Selim Khandakar’s home that was destroyed after a cyclone..
| Photo Credit:
Anand Kumar Ekboty
Once displayed in his modest mud home, now destroyed after a cyclone, Selim’s possessions got here near being discarded by his household till Ohida determined to doc it digitally. She reacquainted herself with each her uncle and his assortment when caught at house throughout the pandemic. To her artist’s eye, it’s a compelling one, given its vary — from gramophones to child garments from the 80s. “It even has a bunch of fingernails [Selim’s own] in a box. It reminds me of Marcel Duchamp’s Dadaist Fountain exhibit [1917], where he displayed an upside-down urinal. Such objects challenge conventional notions of what belongs in a museum. These items, including a broken plate passed down through generations, show the power of storytelling through objects.”
Selim laughs when requested about the fingernails. “I had once visited an exhibition where I saw art made with fingernails and thought I would do the same with mine. It made me curious, so I kept them.”
What makes a museum?
Curiosity has been the driving drive behind Selim’s obsession and that is what Ohida celebrates in her work. Maria accompanies Selim all through the movie, asking him curious questions on the objects in his assortment, an try and peek into his thoughts. Ohida began filming Dream Your Museum as an entry for the 2022 Berlin Biennale, the place it was acquired properly, ultimately touchdown her the V&A award.
Filmmaker Ohida Khandakar
Growing up in Kelepara, Ohida hadn’t stepped inside a museum till she got here to check artwork in Kolkata. “I had achieved my dream of studying art and moving beyond a village where many women still had no voice and were married off early. It made me wonder — was there a limit to our dreams? Was there a limit to the dreams of my uncle, a rural, aged Muslim man?”

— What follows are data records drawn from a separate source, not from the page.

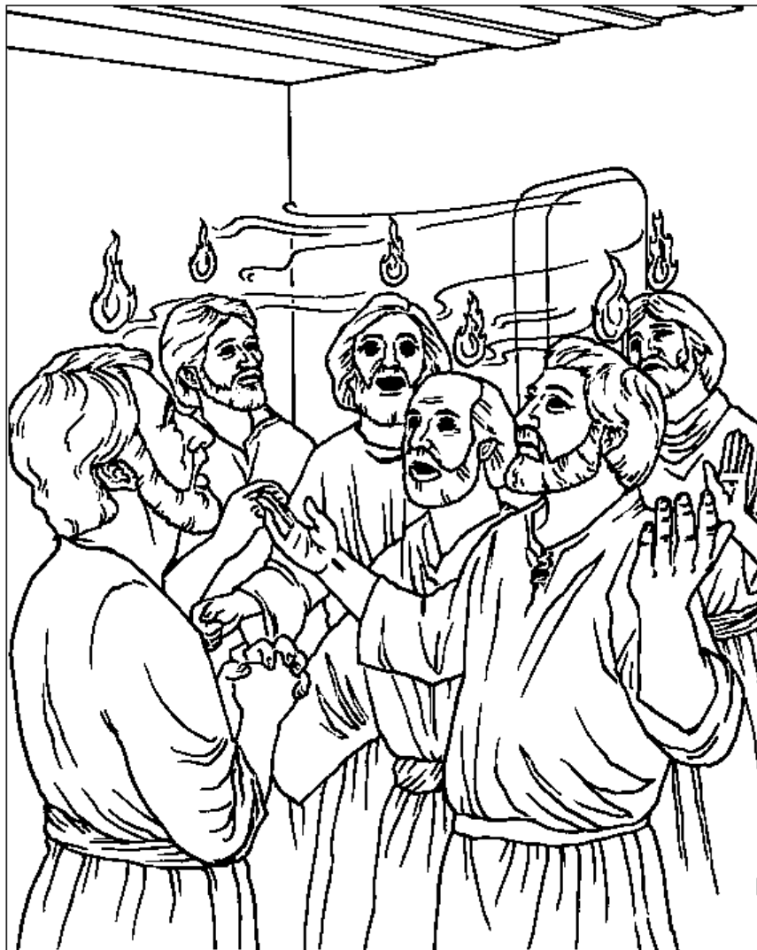
El día de Pentecostés Hechos 2

From Thru-the-Bible Coloring Pages for Ages 4-8. © 1986, 1988 Standard Publishing. Used by permission. Reproducible Coloring Books may be purchased from Standard Publishing, www.standardpub.com, 1-800-543-1301.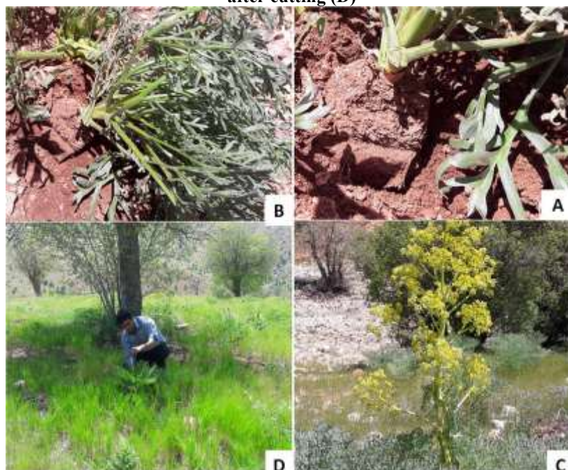
شکل ۳. گیاهان رویش‌یافته یکسال پس از برش، یک‌طرفه (A)، دو طرفه (B)، پایه گل‌دهنده (C) و ثبت ویژگی‌های مورفولوژیک (D) Figure 3. The first year after cutting; Unilateral (A), Bilateral (B), Flowering stage (C) and registration of the morphological characteristics (D)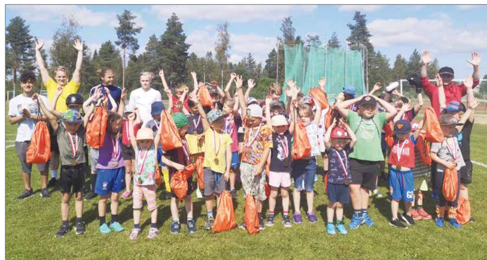
Osallistujat ja ohjaajat yhteiskuvassa koulun päättäneen yhteisviestin jälkeen.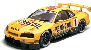
Nissan Skyline GT-R (Tamiya)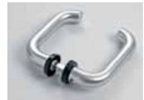
MANIGLIA ALLUMINIO COM209 NERA COM209 GRIGIA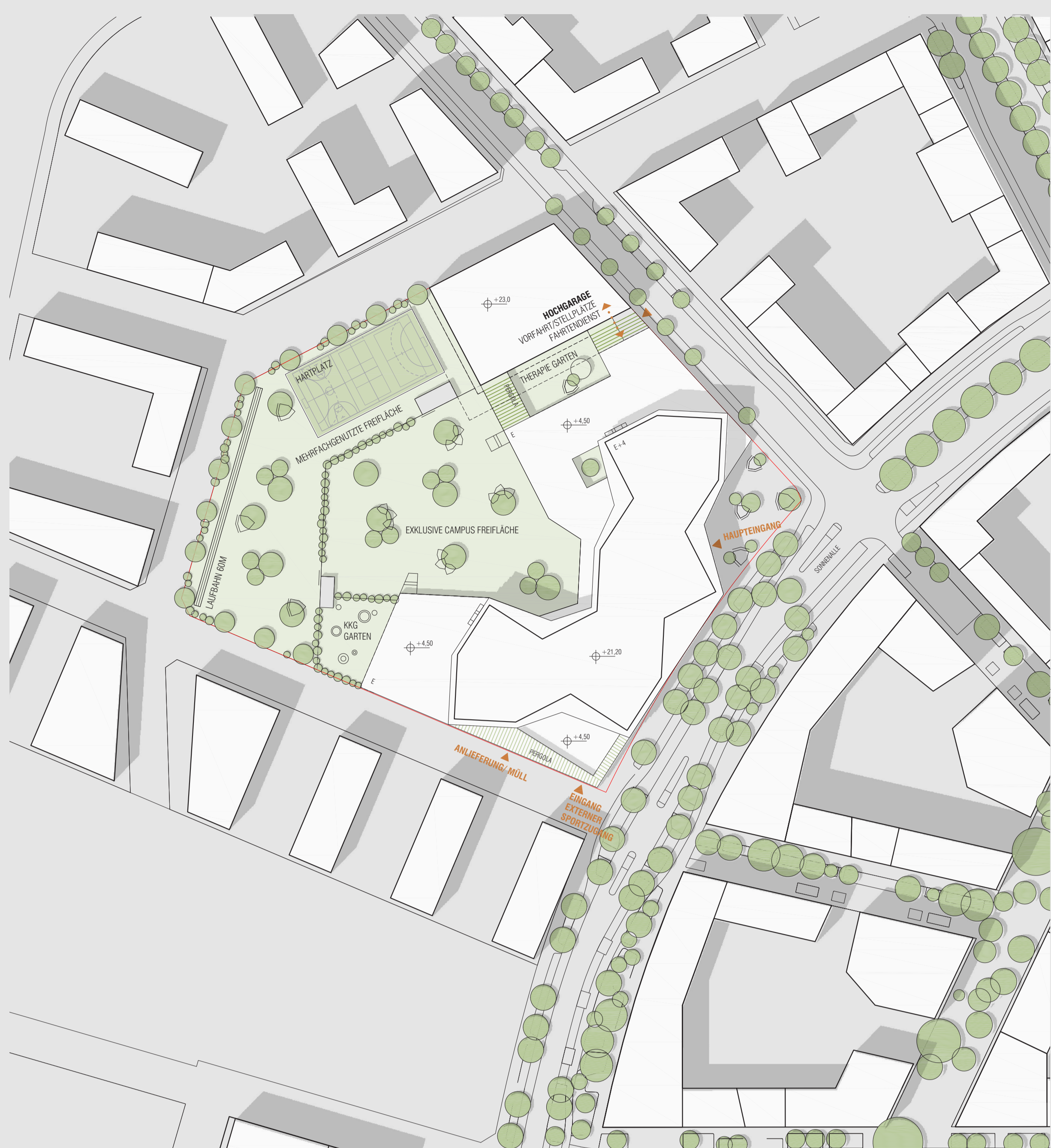
1 LAGEPLAN 1_1000

GRÜNFASSADE: Durch die vorgelagerten Freiraumbänder stehen den Rankpflanzen sehr viele funktionierende Trägerstrukturen zur Verfügung die für wichtige Mikroklimaverbesserung sorgen (Luftverbesserung, Feinstaubbindung, Verdunstungskälte)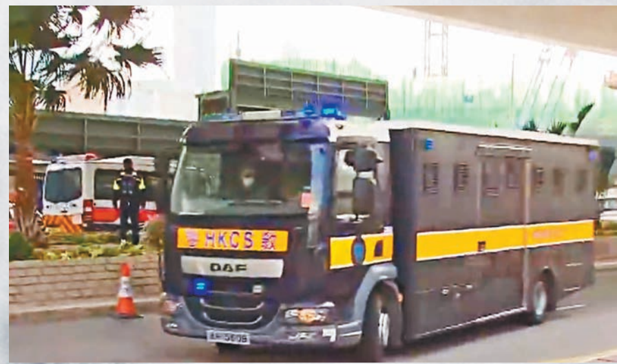
◆黎智英昨日被押解到西九龍法院。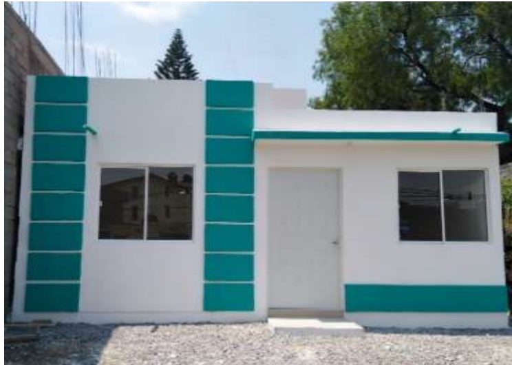
PVHo6-173 Iztapalapa, Ciudad de México Santa Marta Acatitla

Se ha continuado en alianza con el Fideicomiso Provivah con la construcción de vivienda para los afectados por los sismos de 2017, en la Ciudad de México en la Delegación Iztapalapa, se construyeron 139 casas y se tiene en proceso de construcción otras 86. El costo total fue de: $3,400,000.00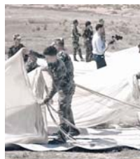
Доставка гуманитарной помощи.

в населённом пункте Нава провинции Хомс проведена гуманитарная акция, в ходе которой местным жителям доставили 500 предметов первой необходимости, общим весом 4,7 тонны.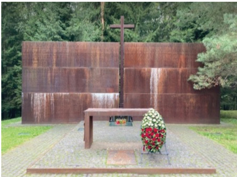
Мемориал в Катыни, фото 2021 г.

ветствующее заявление, и В.В. Путин, и Д.А. Медведев неоднократно высказывались на эту тему, не оставляя сомнений в том, кто именно осуществлял расстрелы.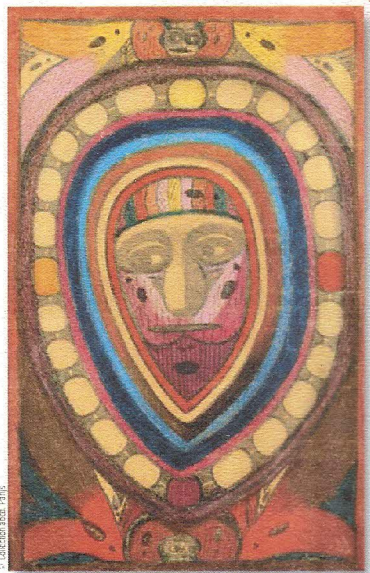
▲ Adolf Wölfli, 'Christoph Columbus', 1930.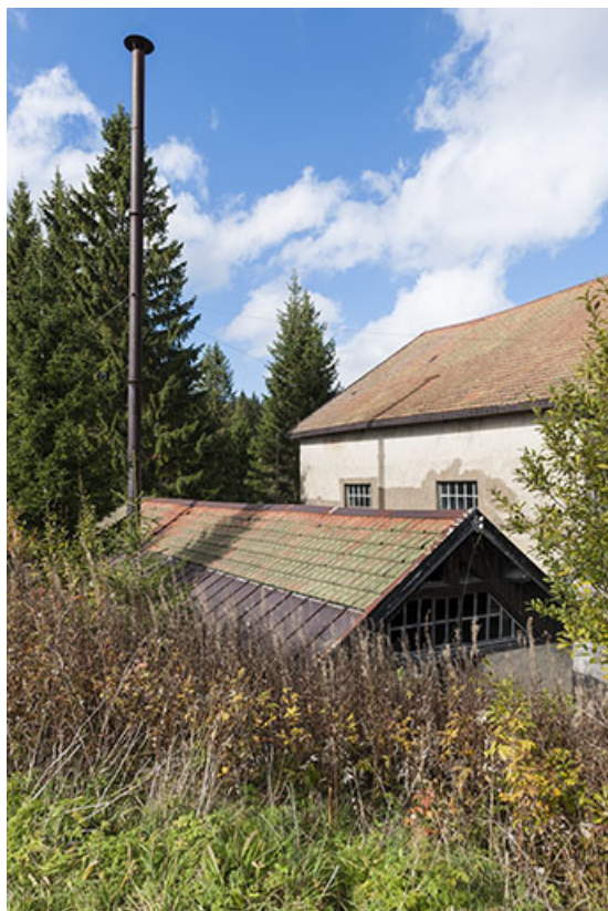
Toiture de la salle de la machine à vapeur et scierie.

25, Chapelle-des-Bois, lieudit : Les Mortes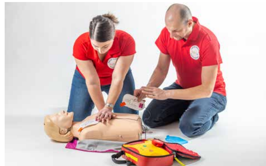
PP stláčať hrudník, lepiť elektródy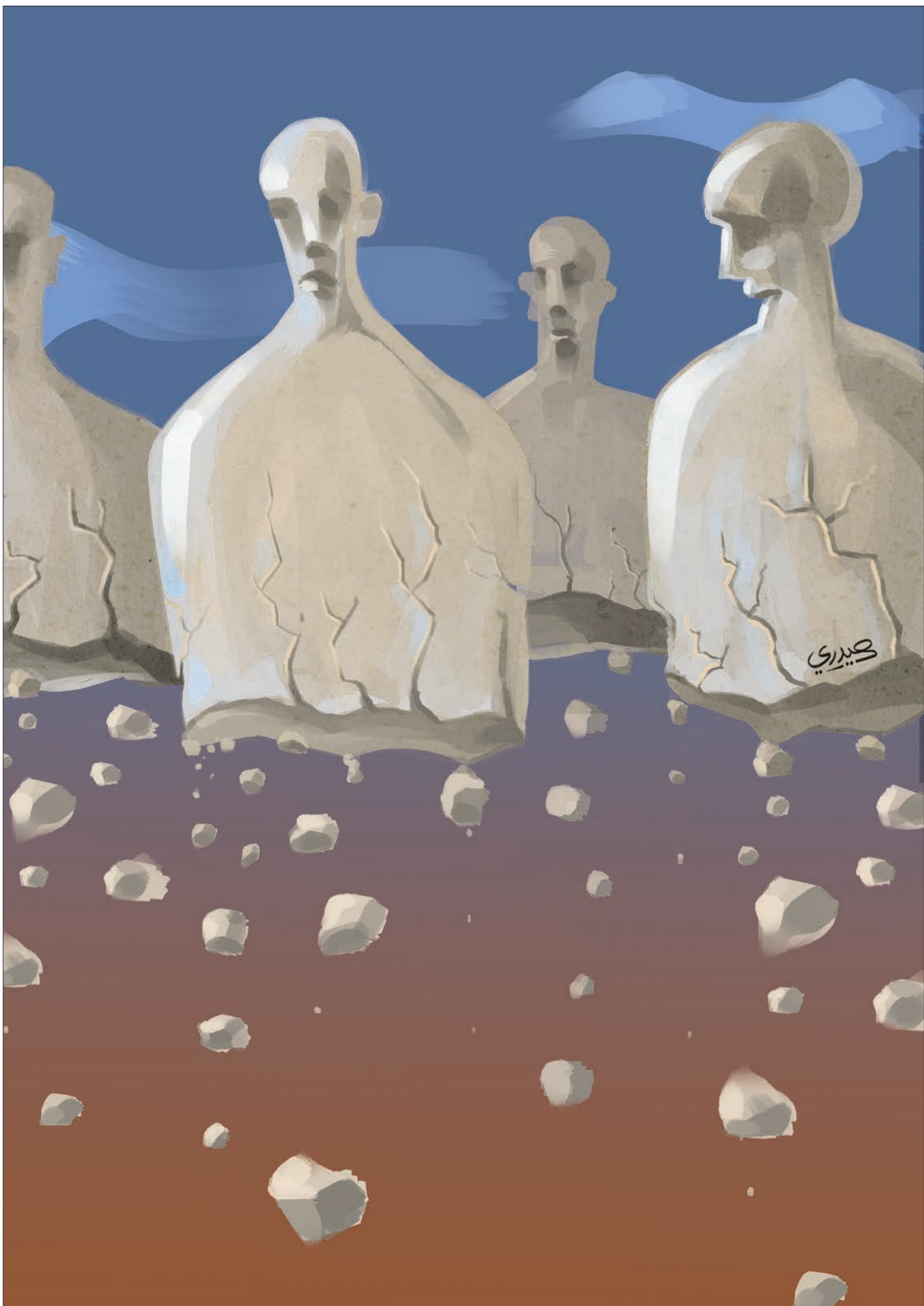
طرح: هادی جمیری / شهرزاد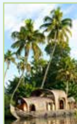
Le Kerala Pages 514-541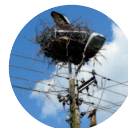
Bocian odbudowujący gniazdo po założeniu platformy. Kuna domowa (porażona prądem), która próbowała dostać się do gniazda szukając pożywienia.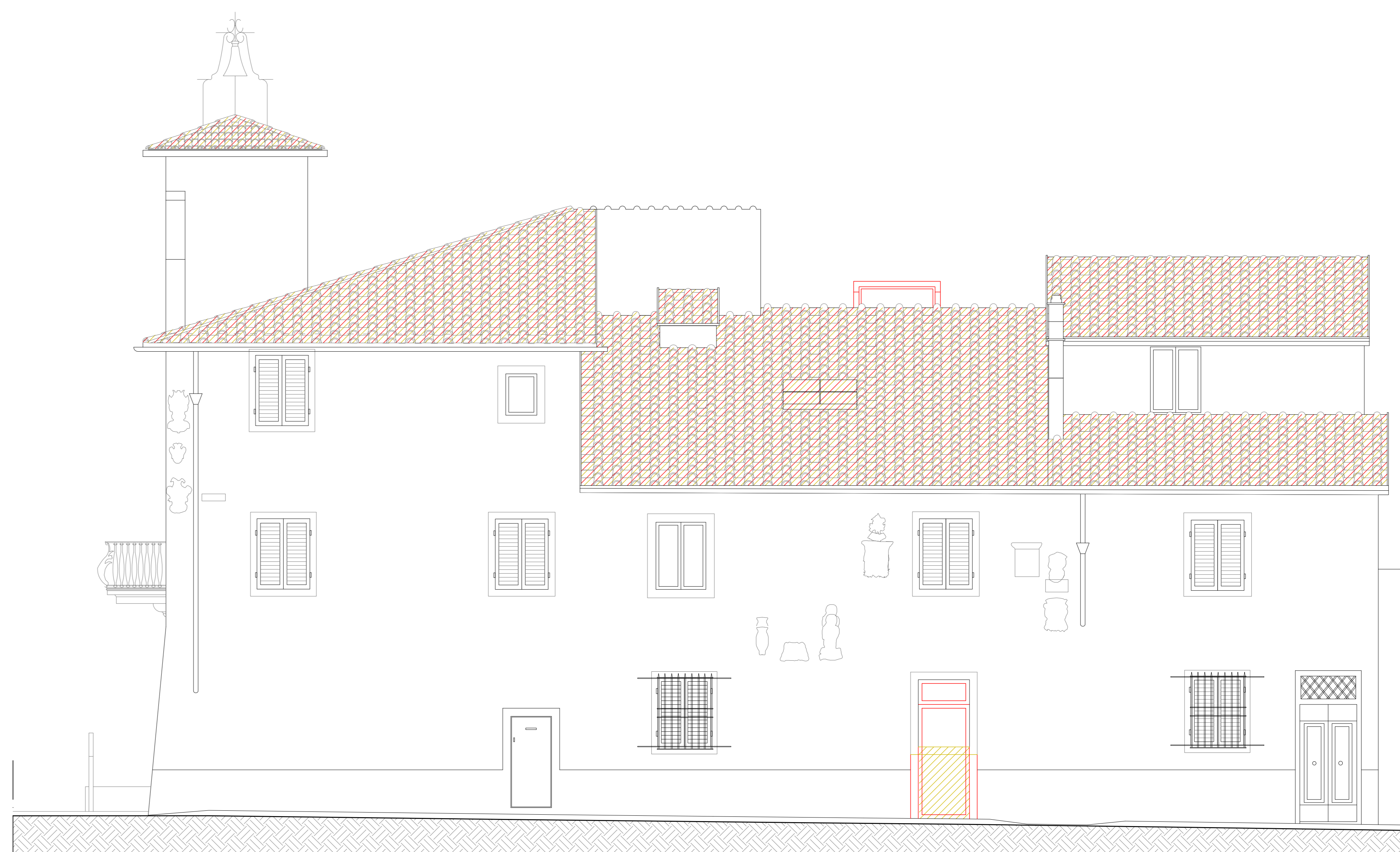
STATO SOVRAPPOSTO - PROSPETTO SUD-OVEST SCALA 1:50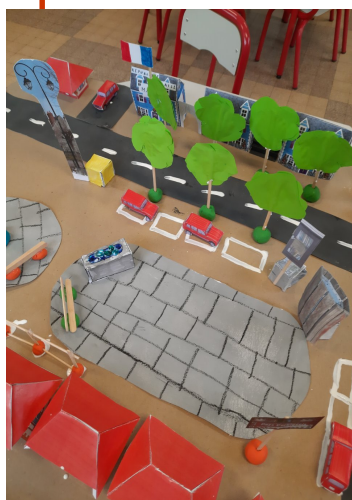
maquette en cours

Leur production sera dévoilée dans le prochain bulletin.

With the funds from the award, Ohida is now hoping to create a museum for her uncle’s assortment and a cultural house in the village. “We need accessible museums that work as alternative spaces for the narratives of rural minority communities; as safe spaces for women without opportunities; to engage those who might not typically visit traditional museums due to a lack of knowledge, distance or financial constraints.”
In Dream Your Museum, her digital camera gently movies Selim amongst his collections in his crumbling ancestral house. He expresses frustration at having no everlasting place even after 50 years to showcase his prized assortment. “I’ll now make a museum on the moon,” he declares.
The author is a freelance journalist and the co-author of ‘Rethink Ageing’ (2022).